I'm doing this operation hundreds of thousands of times, but I can do any amount of pre-processing on the array of floats, if it'll improve the lookup time. I absolutely can change to use something other than a vector to store them, if that'll help.

  • What makes you think that your binary search can not terminate early ? Surely you can just test the elements at i and i + 1 to see if they bracket the target value, and terminate if they do ? – Paul R Sep 20 '11 at 6:58
  • Alternately, I could test the elements at i and i-1 to see if they bracket the target value. I would also need to test whether 'i' was >= array.size()-1 so I could avoid doing your test, and whether it was <= 0 so I could avoid doing my test... it's actually a lot of extra conditionals to perform at each step, in order to check for an early-out. I imagine they would slow down the algorithm a lot, though I'll confess that I haven't actually profiled that yet. – Trevor Powell Sep 20 '11 at 7:27
  • 3
    It doesn't need to be so complicated - if your array is of size N then you just need to treat it as if it were of size N - 1. That way there is always a valid element at i + 1. You do a binary search over N - 1 element for element i which is less than your target value, with element i + 1 being greater then the target value. – Paul R Sep 20 '11 at 7:54

The code in the question (a linear search), as you rightly point out, is going to get slow for large float arrays. Technically it's O(n) where n is the number of float values in your array.

In general, the best that you can do to find a value in an ordered array is a recursive tree search of some kind (e.g. binary search), in which case you can achieve an O(log n) lookup time in the number of elements in your array. O(log n) is much better than O(n) for large values of n.

My suggested approach would therefore be a simple binary search of the array, i.e.:

  1. Set min/max integer indexes to cover your whole float array
  2. test the value in the middle of the range at index mid=(min+max/2) against the search value x
  3. if x is lower than this value, set max to mid, else set min to mid
  4. repeat (2-4) until you have found the correct value

This is an O(log n) algorithm which should be fast enough for nearly all situations. Intuitively, it works by halving the range to be searched at each step until you find the correct value.

It's really hard to beast the simple binary search, so if you have already implemented this correctly then you may be pretty close to optimal already.
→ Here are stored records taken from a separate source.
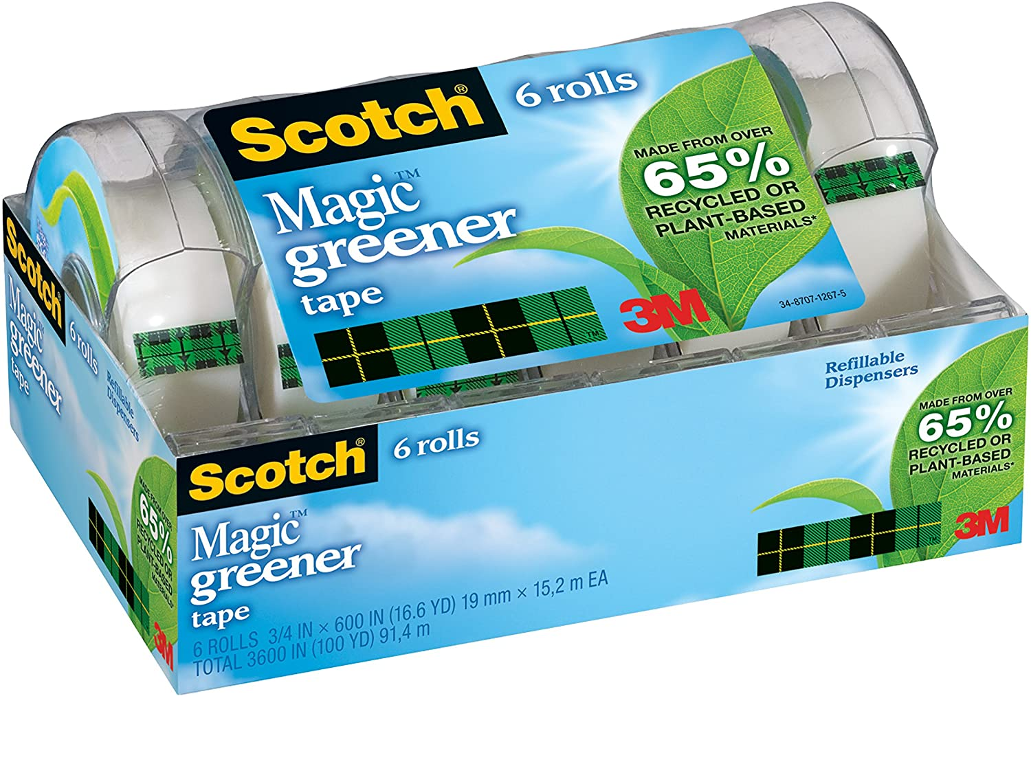 Scotch 6123 Eco Friendly Magic Tape with Dispenser 3/4-Inch x 600-Inch 6pack - Clear
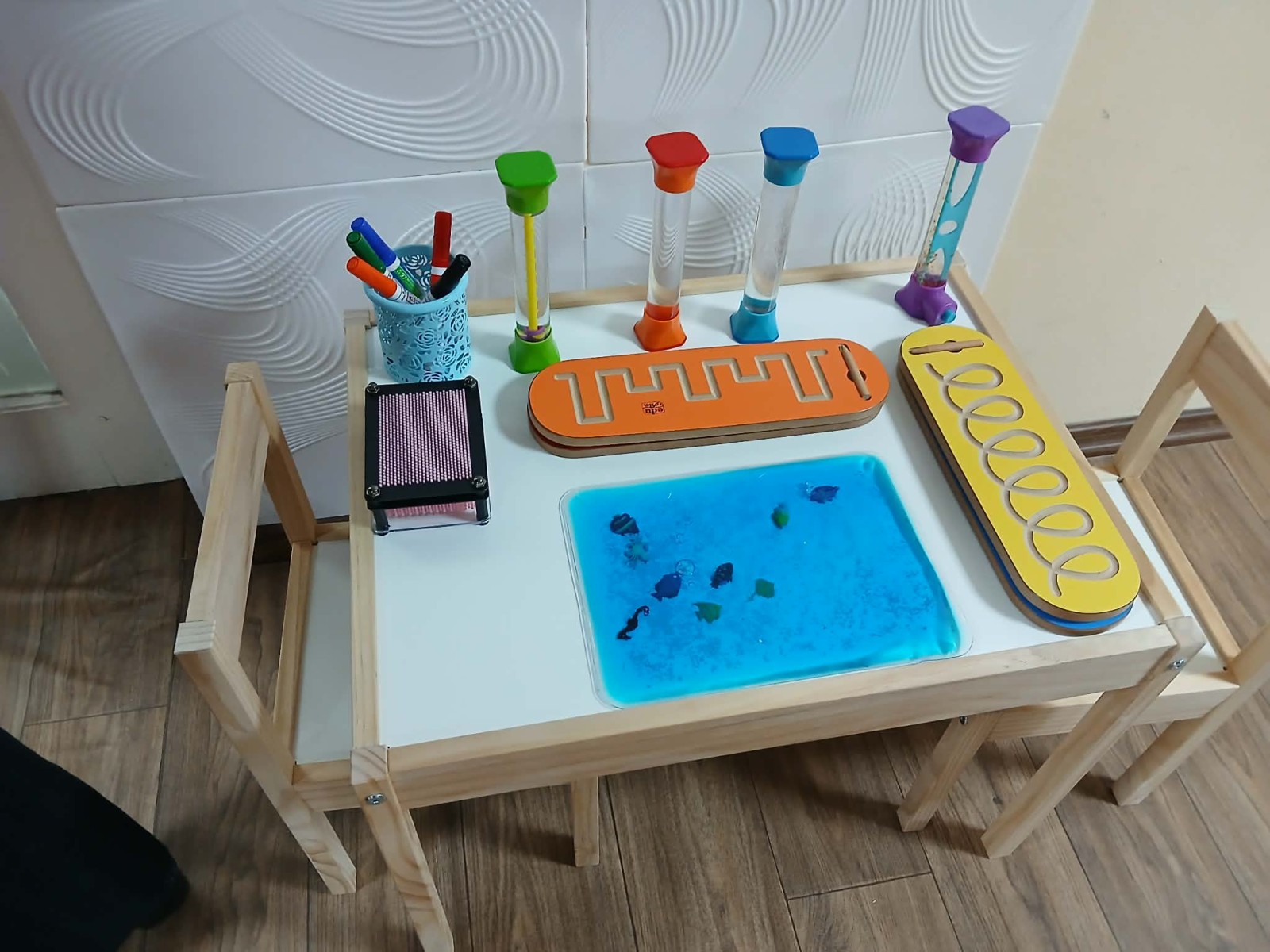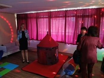 След това бе пристъпено към символичния ритуал по прерязване на лентата, с което новата сензорна стая бе официално открита. Тя позволява контрол на интензивността на сетивното изживяване и подпомага интеграцията на децата посредством сензорна терапия – звук, светлинни ефекти и различни преживявания. Към момента в детската градина работят 5 специалисти, 3 ресурсни учители, 1 логопед и 1 психолог за нуждите на децата със специални образователни потребности.
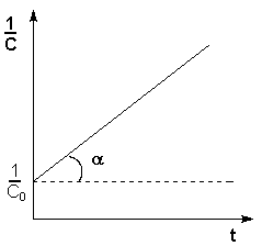 Т.о., для реакций второго порядка, имеющих кинетическое уравнение вида (II.14), характерна линейная зависимость обратной концентрации от времени (рис. 2.4) и константа скорости равна тангенсу угла наклона прямой к оси времени:
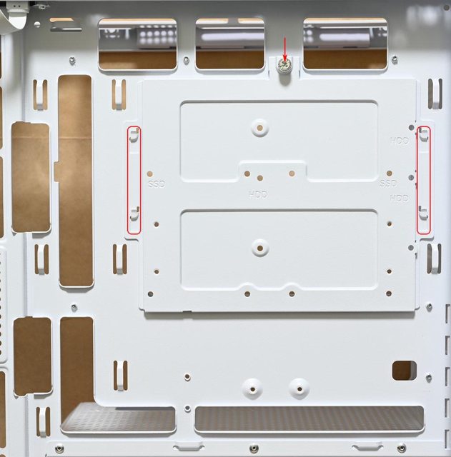 ▼主機板底板後方3.5吋/2.5吋固定板上方使用手轉螺絲(紅色箭頭)固定,下方兩側有卡
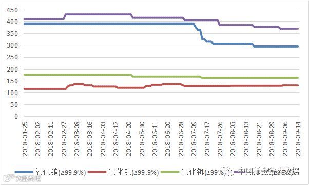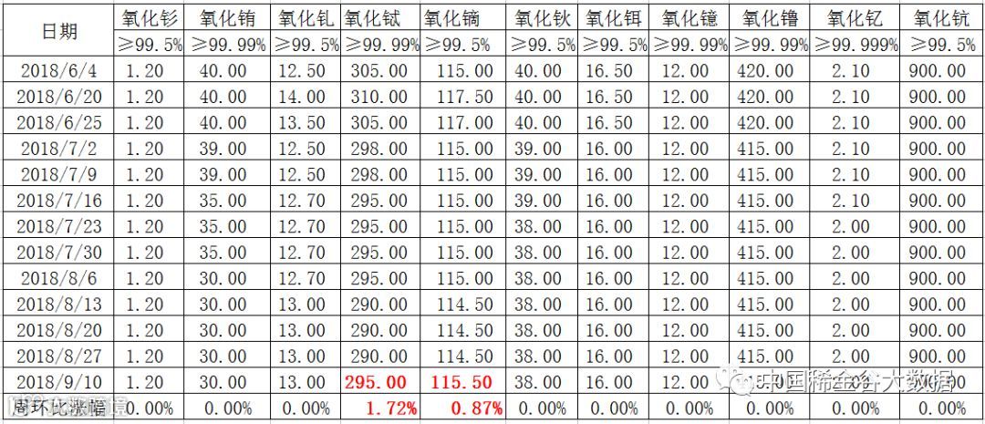 9月10日本周一南方稀土国际贸易公司发布了本周稀土物挂牌价格(见表一),与上次8月27日挂牌价格相比,氧化镝、氧化铽报价小幅上涨,其它稀土氧化物价格持平。
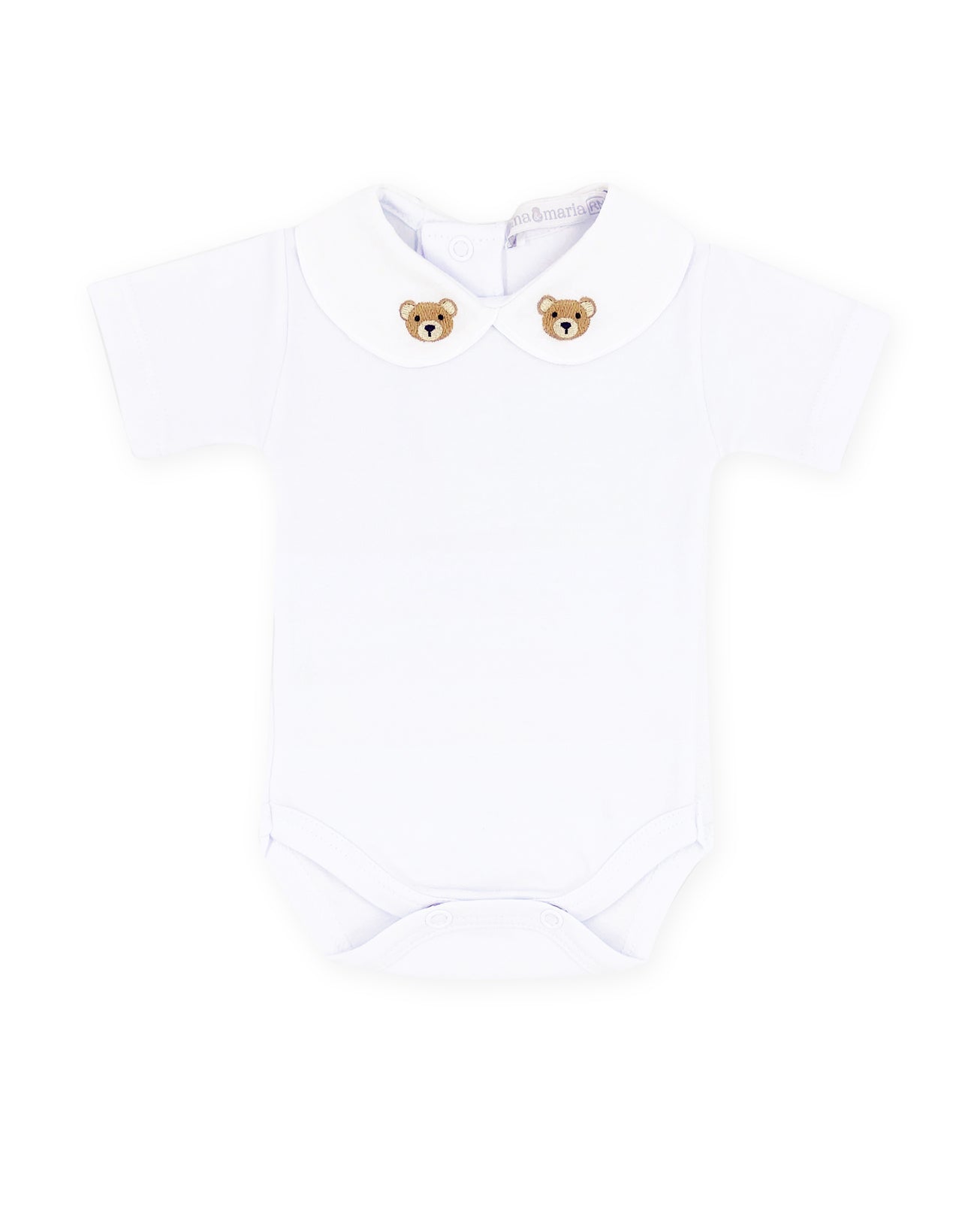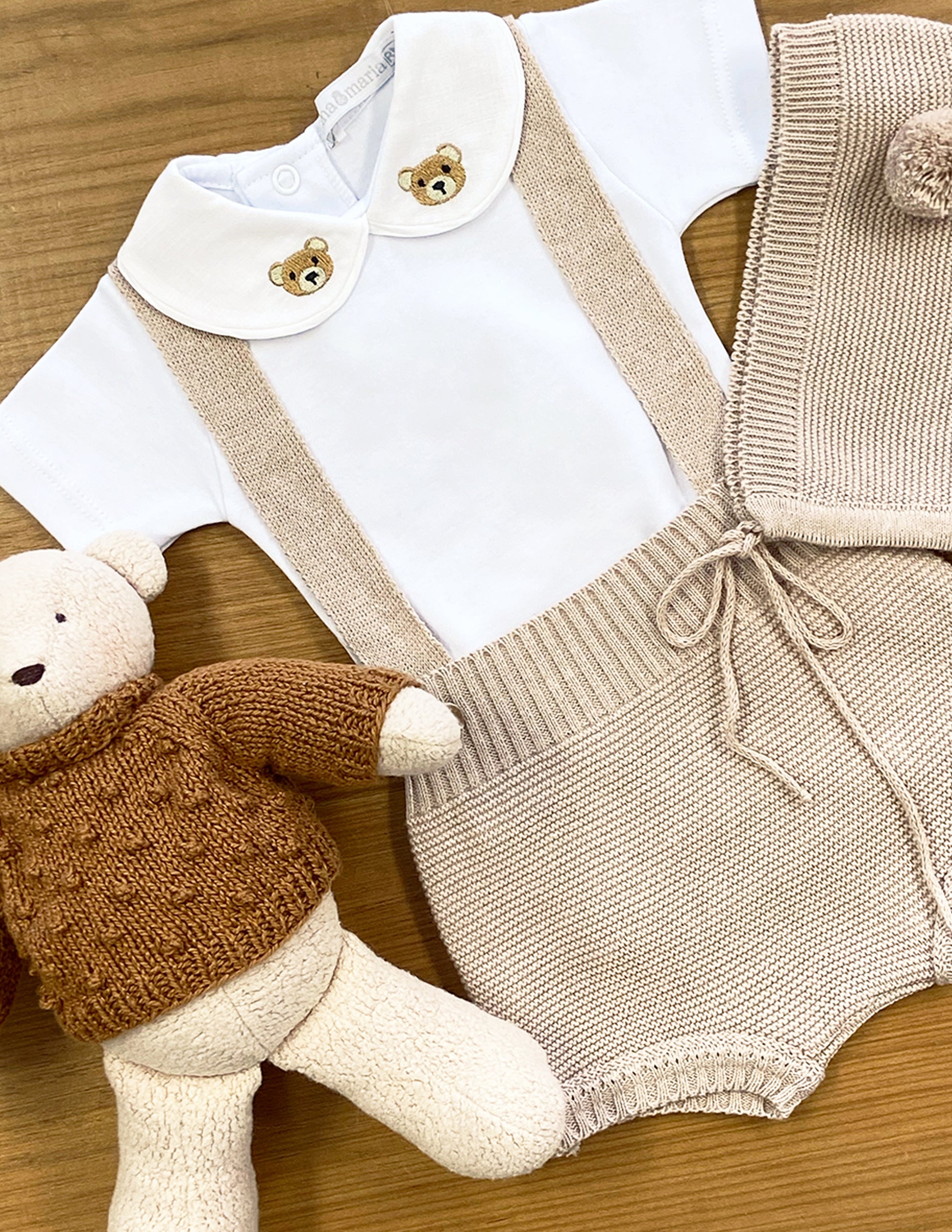 Body manga curta masculino com golinhas bordadas com ursinho. Confeccionado em tecido suedine 100% algodão de alta gramatura e toque extra macio e confortável à delicada pele do bebê.
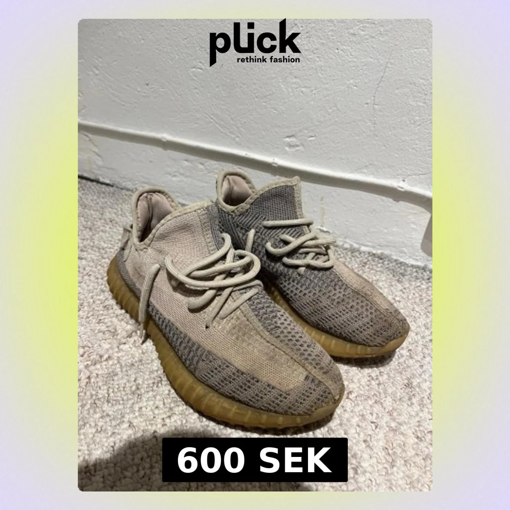 Säljer ett par Adidas Yeezy Boost 350 V2 i färgen Earth. Skorna har en stickad ovandel i beige och grå toner, med matchande snörning och en brun, genomskinlig gummisula. Ikonisk siluett och bekväm passform, perfekt för dig som gillar streetwear.
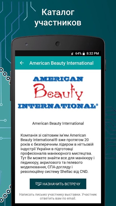 Вы увидите всех участников выставки в алфавитном порядке с номерами стендов. Выбрав любую компанию, Вы сможете просмотреть краткую информацию о ней, а также контактные данные - сайт, телефон и адрес.
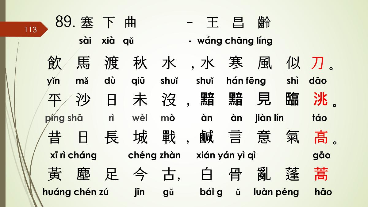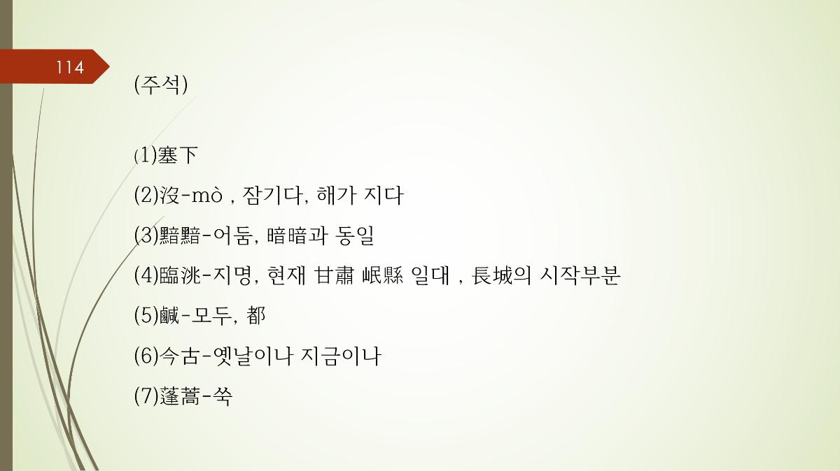 1. 당시제목: 새하곡 2. 작자: 왕창령(王昌齡, 698~756)
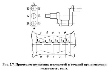 5.1. Порядок замера и обработки результатов. Для получения размеров коренных и шатунных шеек коленчатого вала двигателя используют микрометры гладкие с ценой деления 0,01мм. Измерение шатунных и коренных шеек коленчатого вала производится во взаимно перпендикулярных плоскостях (А - А и Б - Б) и в каждой плоскости в трёх сечениях по длине шейки (рис. 2.7.).
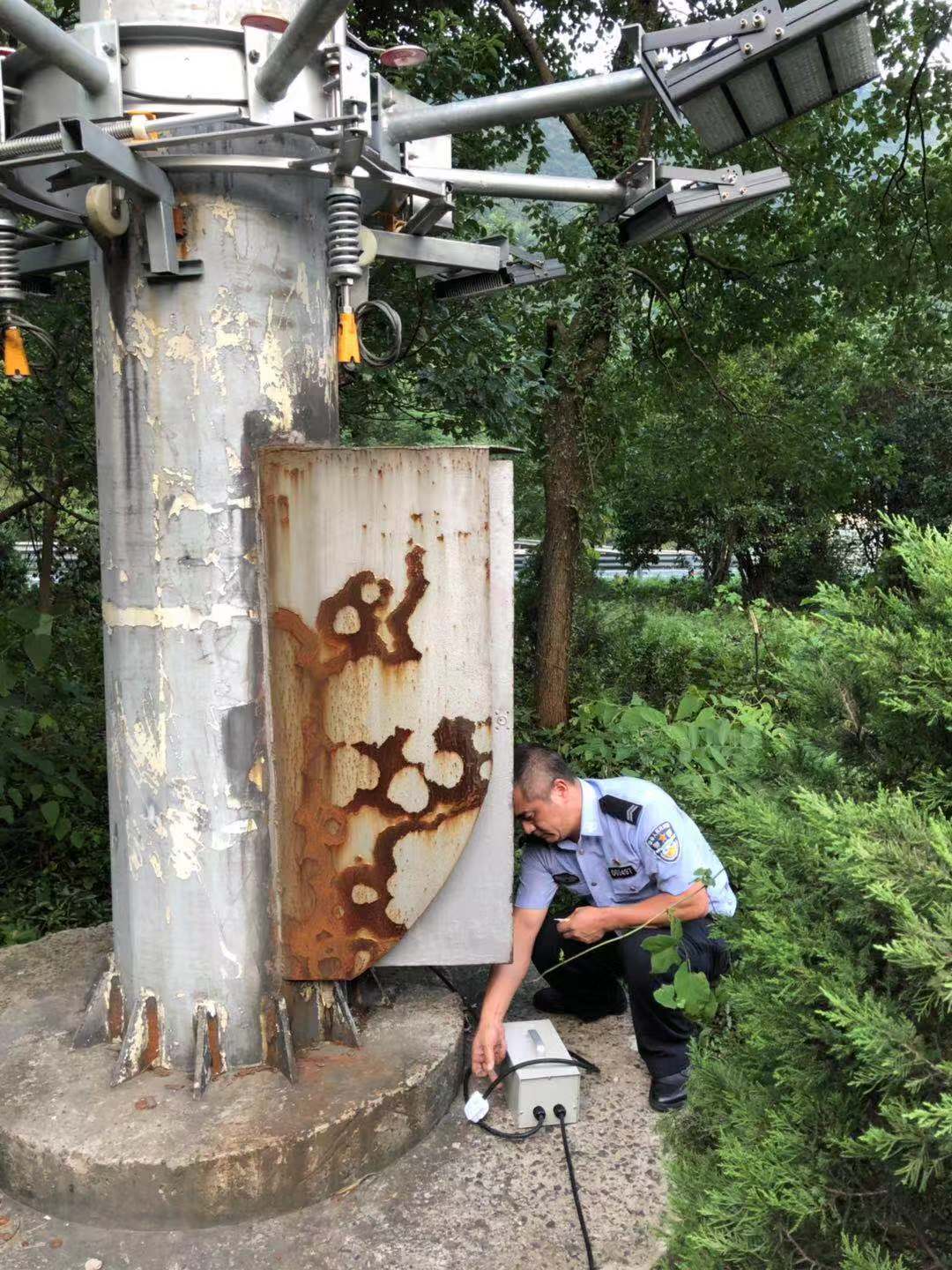 圖為臺(tái)風(fēng)過后隧道所人員檢查南廣場(chǎng)高桿燈
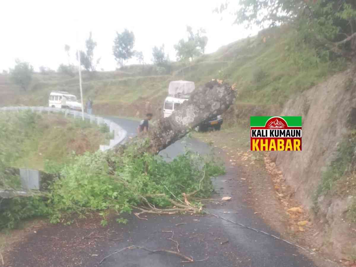 लोहाघाट की सीमांत मडलक के बगोटी के तोक बसोटा में आज दोपहर लगभग 3:30 बजे आए आधी और तूफान से नागार्जुन बाबा मंदिर बसोटा का विशालकाय पेड़ का एक हिस्सा टूट गया है जिससे विद्युत लाइन के तार को काफी क्षति पहुंची हुई है। पेड़ गिरने से मडलक बगोटी रोड बंद हो गई है। क्षेत्र के सामाजिक कार्यकर्ता भुवन बिष्ट ने बताया सड़क बंद होने से एसएसबी के साथ-साथ अन्य वाहन फस गए हैं तथा विद्युत आपूर्ति बंद हो चुकी है। ग्रामीणों ने प्रशासन से जल्द से जल्द सड़क खोलने और विद्युत व्यवस्था बहाल करने की मांग की है। सड़क बंद होने की सूचना मिलते ही एसडीएम लोहाघाट नीतू डांगर ने पीएमजीएसवाई विभाग को तत्काल सड़क खोलने के निर्देश दिए हैं।
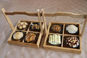 瓦块鱼、水乡松肉、红袍莲子、蒸面菜、酸菜扣白肉、三鲜鱼肉蛋卷、羊肉菜卷、虎眼丸子组成了“白洋淀八蒸碗”。该菜品以鲈鱼、五花肉、红枣、干莲子、黑鱼肉、猪肉馅、羊肉为主料,以糯米、果脯、青红丝、葡萄干等为辅料蒸制而成。这道菜品不仅看起来大方美观,品起来更是酱香浓厚,鲜味十足,白洋淀传统宴席的经典菜品,凝聚了白洋淀深厚的文化底蕴。
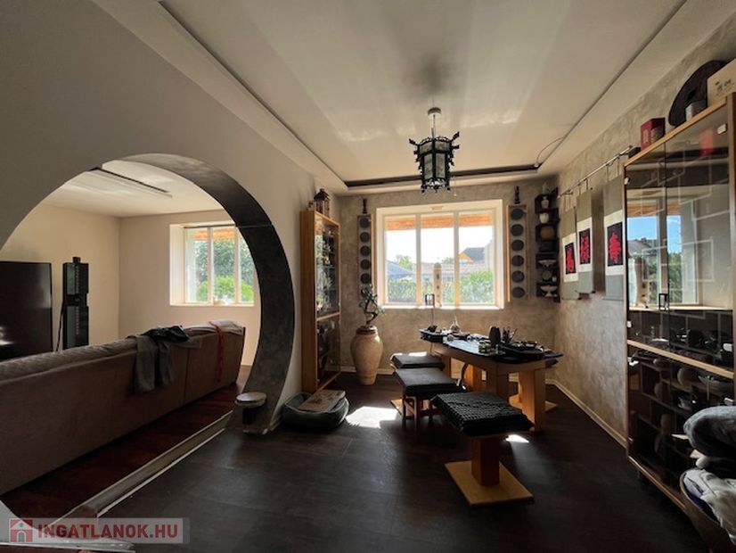 Szigethalmon Polgármesteri hivatal közelében 138 nm lakóterű 4+2 szobás felújított, átépített családiház 746 nm parkosított telekkel eladó.

However, if you know the distributions of the data and/or have a limited range of lookup values (x), there are still some other more advanced tricks you can try:

  • Bucketing - create buckets (e.g. for each interval between two integers), each of which contains a smaller sorted list of the float values between the two bounding integers plus two values immediately below and immediately above each range. You can then start your search at (trunc(x)+0.5). This should give you a good speedup if you choose appropriately sized buckets (it's effectively increasing the branching factor of the tree.....). If integers don't work for you, then you can try buckets of some other fixed-point precision (e.g. multiples of 1/16).
  • Bit-mapping - if the range of possible lookup values is small enough, you could try creating a big lookup table indexed by the bitwise value of x. This will be O(1) but you may need a lot of memory which will be very unfriendly on your cache... so use with caution. This is especially nasty because you are looking up float values, so you may well need several GBs to account for all of the less significant bits......
  • Rounding and hashing - hash tables are probably not the best data structure for this problem, but if you can survive losing a bit of accuracy they could work - simply round off the lowest bits of your lookup values and use a hashmap to directly look up the correct value. You will have to experiment on the right trade-off between hashmap size and precision, and also ensure that all possible hash values are populated so this can be a bit tricky......
  • Tree-balancing - your ideal tree should have a 50% chance of going left or right. So if you create a tree based on the distribution of lookup values (x), then you can optimise the tree to produce answers with the minimal amount of tests. This is likely to be a good solution if a lot of values in your float array are very close together, since it will enable you to avoid searching these branches too often.
  • Crit-bit trees - these are still trees (so still O(log n)...) but some cases: you would however need to convert your floats into some fixed-point format in order to make the comparisons work

However, unless you are in a very special situation I'd probably recommend sticking with the simple binary search. Reasons:

  • it's much easier to implement
  • it's very fast for most common cases
  • the extra overhead of the more complex approaches (e.g. higher memory usage / cache pressure) often outweighs the minor theoretical gains
  • it will be more robust to future changes in the data distributions....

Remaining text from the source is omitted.